Un’altra caratteristica comune a diversi film di A24 è che riescono spesso a essere artistici, strani e autoriali (in un modo simile con cui lo sono molti film della piattaforma Mubi) eppure allo stesso tempo anche commerciali e “di massa”, quasi mai percepiti come lenti, respingenti o esageratamente filosofeggianti.
Secondo Jones A24 ha avuto il merito di fare con il cinema quello che certe etichette discografiche indipendenti del passato riuscivano a fare con certa musica. Inoltre, secondo lui, «quel che accomuna i film di A24, belli o brutti che siano, è che sono quasi sempre film che non avrebbero potuto essere fatti o distribuiti da altri».
Secondo diversi seguaci di A24 contattati da Jones per il suo articolo sulla casa cinematografica, i suoi film hanno il merito di essere «eclettici, eccentrici, immersivi e autentici». Resta però difficile da capire quanto e quando sia così e quando invece sia soprattutto merito di una efficace costruzione d’immagine.

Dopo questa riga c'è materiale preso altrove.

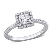 Take the plunge with this opulent princess halo engagement ring. Crafted in luminous 14k white gold, this shimmering ring features one princess-cut, prong-set lab-created diamond surrounded by 36 round-cut, buttercup-set diamonds (G-H, VS2-SI) creating a halo and extending halfway into the metal shank with one tsavorite gemstone accent embedded on the inside of the ring. Enhanced with a polished finish, this glistening ring will make a glowing fiance.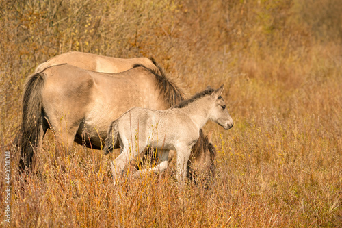 © Dasya - Dasya, Naklejka premium Mare and foal konik horse graze in the golden reeds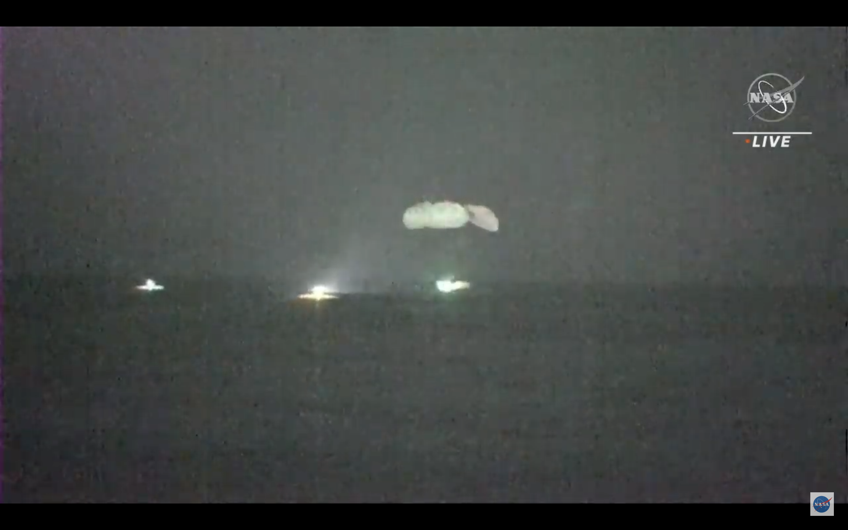 Retour de nuit dans l'Atlantique (le premier "splashdown" nocturne depuis Apollo 8 en 1968) pour Michael Hopkins, Victor Glover, Shannon Walker et Soichi Noguchi à bord du Crew Dragon Resilience.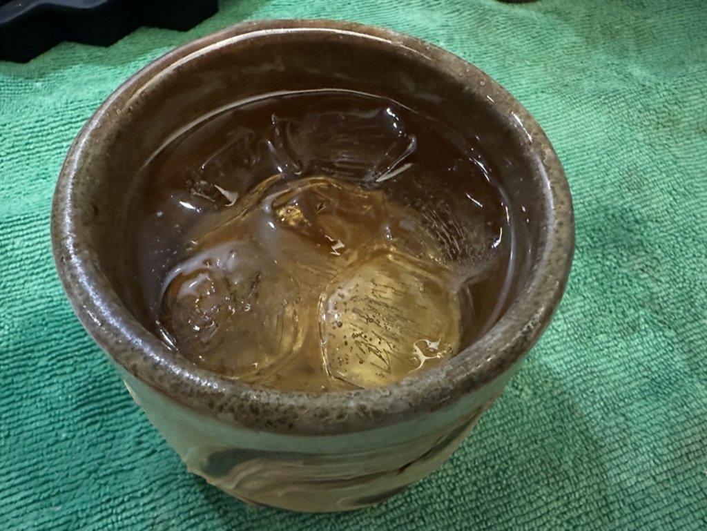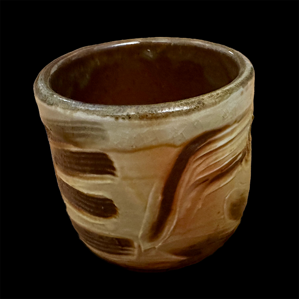 - Description: Relatively large size whiskey cup with thick wall. Scraped slip with sea shell.
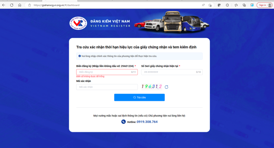 Truy cập trang web Cục Đăng kiểm Việt Nam http://www.vr.org.vn/, vào mục “Tra cứu gia hạn kiểm định”, sẽ xuất hiện trang web: https://giahanxcg.vr.org.vn, màn hình có dạng như sau: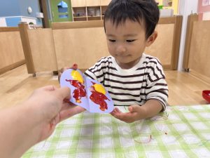 画用紙に絵の具をつけてデカルコマニーをしました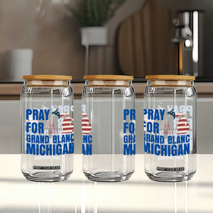Stay Hydrated in Style with Our Pray for Grand Blanc Church Clear Glass Can!
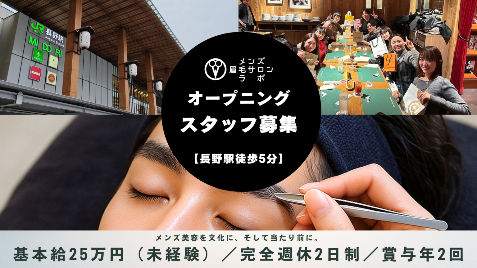 アローズプラス(東京都渋谷区)が運営する男性専門アイブロウサロン「メンズ眉毛サロンラボ」は、2026年に長野駅前(駅から徒歩5分圏)で新店舗を開業予定で、美容師免許を必須とするオープニングスタッフ(正社員)の募集を始めました。未経験者の基本給は25万円で、賞与は年2回、交通費は全額支給、歩合は最大50%としています。勤務先は長野市南千歳2-15-14 ニシキ電器ビル1Fです。東京・神奈川・千葉で7店舗を展開し、累計来店は45,000人超といい、施術は眉デザイン、ワックス脱毛、フェイシャルケアなど男性の身だしなみ領域を担います。ワックス脱毛は専用ワックスで毛を処理する方法で、眉周りを整えやすいのが特徴です。新店開業を機に長野エリアでの展開を足がかりに全国拡大を進める方針です。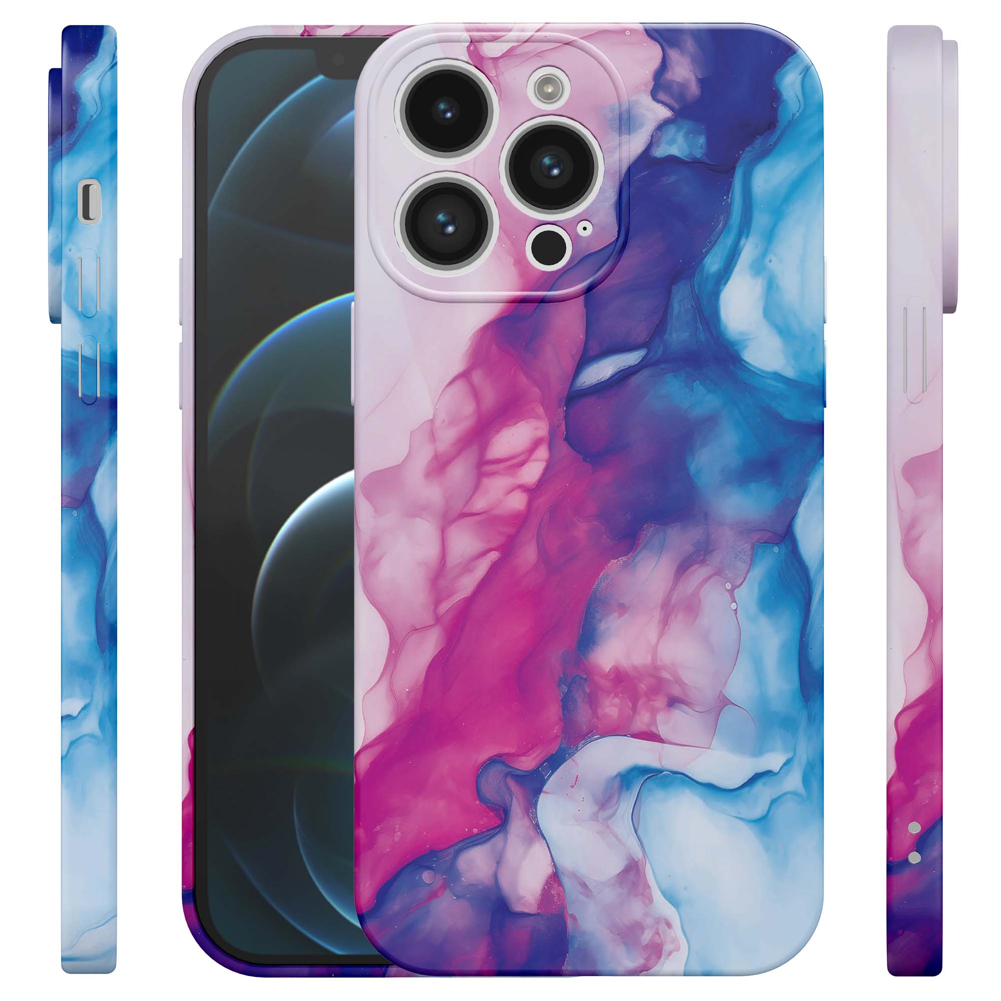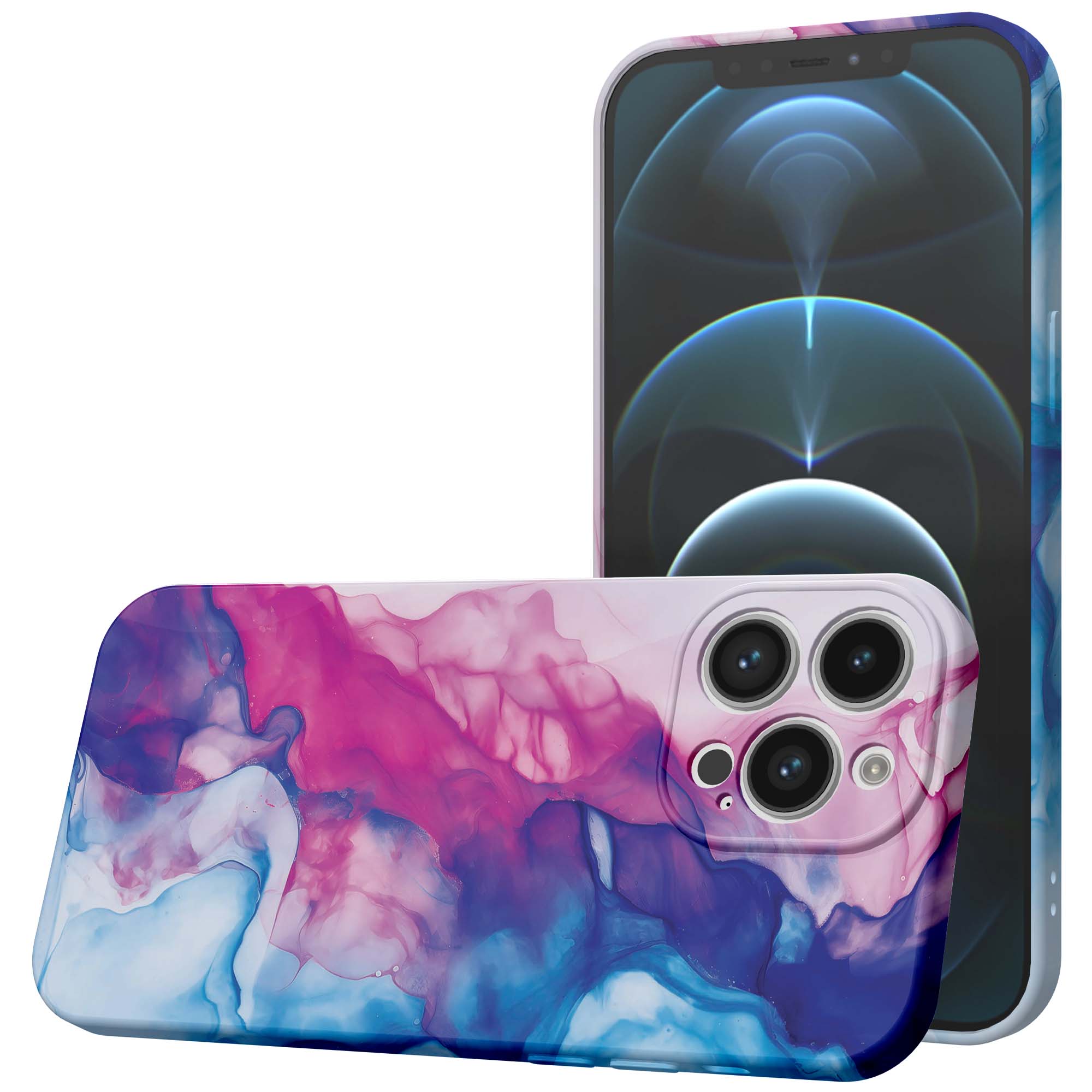 1x Telefoonhoesje geschikt voor iPhone 12 Pro met roze blauw marmer opdruk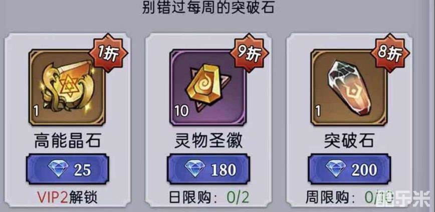 点击道具商店就可以购买突破石了,玩家需要用200钻石来购买,有10次购买机会,要是角色突破石不够的话,玩家可以点击积分功能区获取突破石,这一次不是用钻石,而是用积分币来购买突破石道具,点击购买即可。
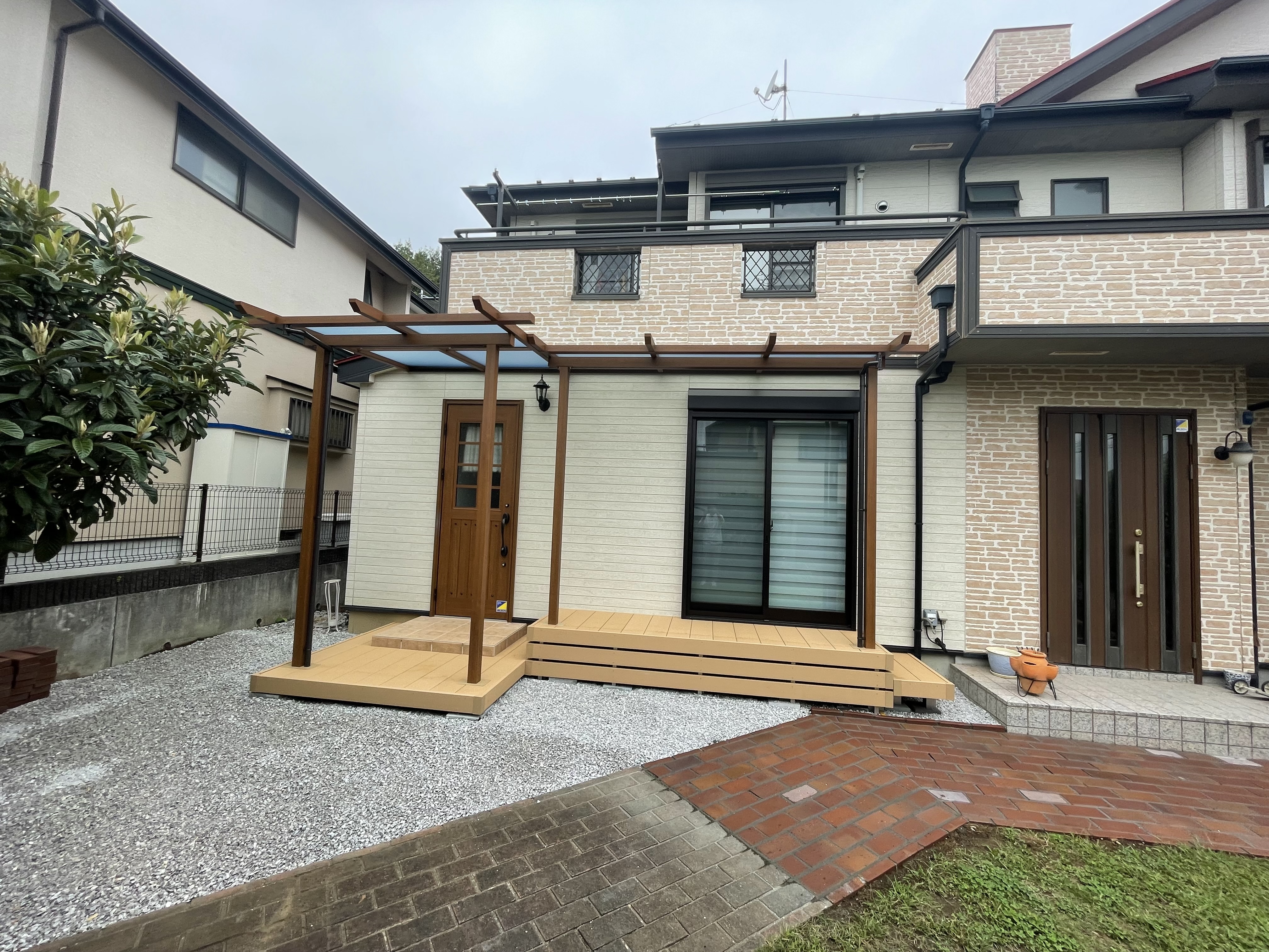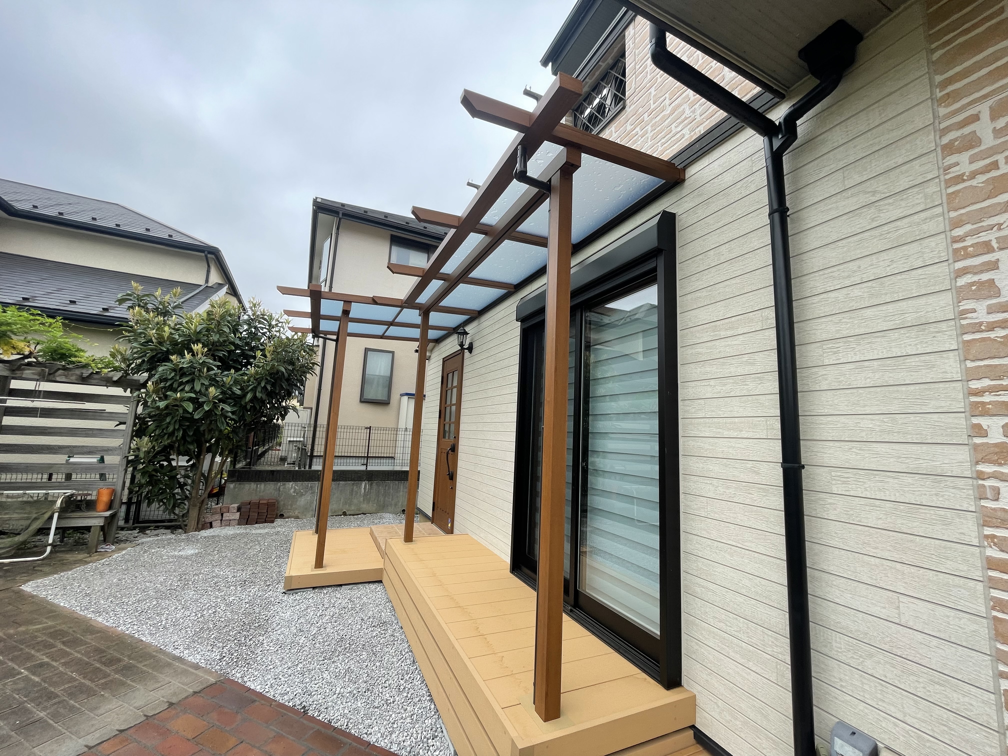 八王子市K様邸のウッドデッキとテラス屋根は綺麗に仕上がりました。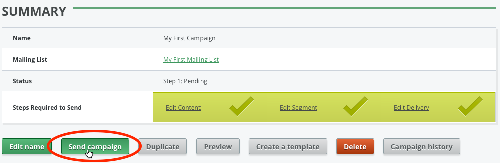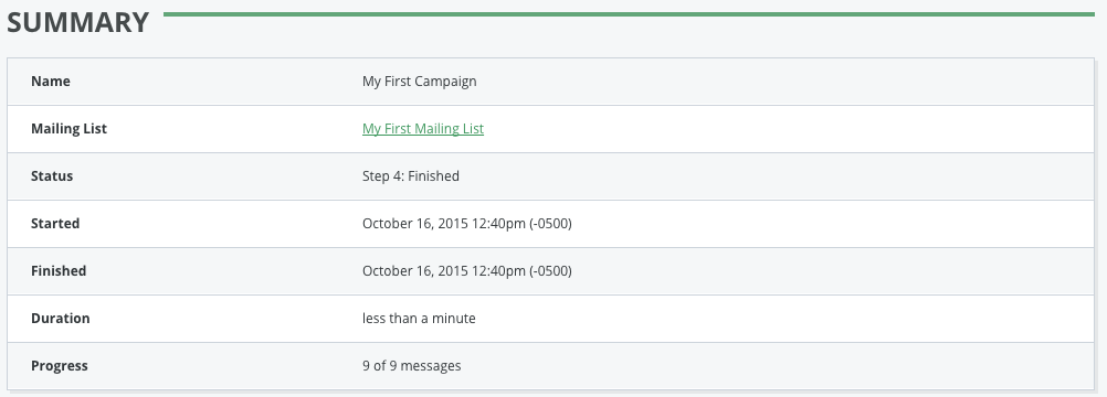 - EmailIQ now takes you to a confirmation page, where you can review the details of the campaign that’s about to be sent. When you’re finished with the review, click
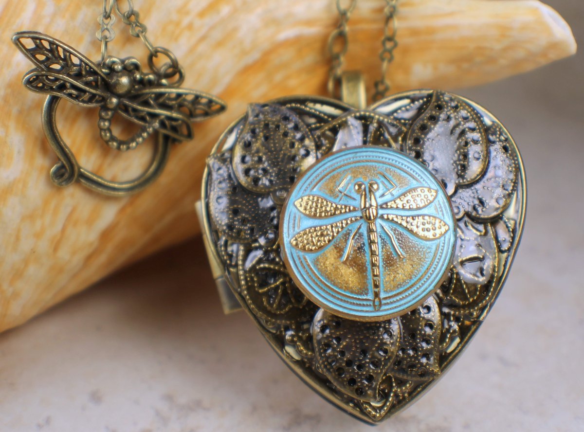 Czech Glass Dragonfly Music Box Locket, Heart Music Box Pendant, Music Box Jewelry, Musical Photo Locket, Music Box Necklace https://seethis.co/GyyM3r/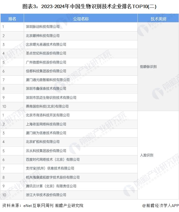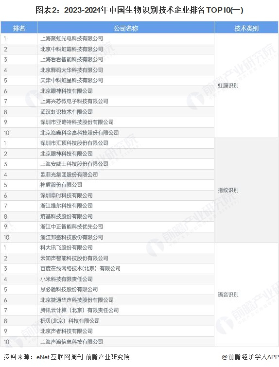 随着生物识别技术的发展,人脸识别、指纹识别、虹膜识别、语音识别等识别技术已经广泛应用于金融、安防、交通、智能家居等场景和领域中发挥着重要作用。根据互联网周刊发布识别技术公司排行名单,2023-2024年中国生物识别技术企业排名TOP10企业具体如下:

Quanto A24 si sia distinta grazie ai film e se e quanto possa invece essere una questione di comunicazione o moda.
Per chi lo voglia, online si trovano molte liste o classifiche dei migliori film di A24. Ce n’è anche una fatta da Jones di tutti i film di A24 dal peggiore (La scomparsa di Sidney Hall) a quello che a suo dire è il migliore: Hereditary.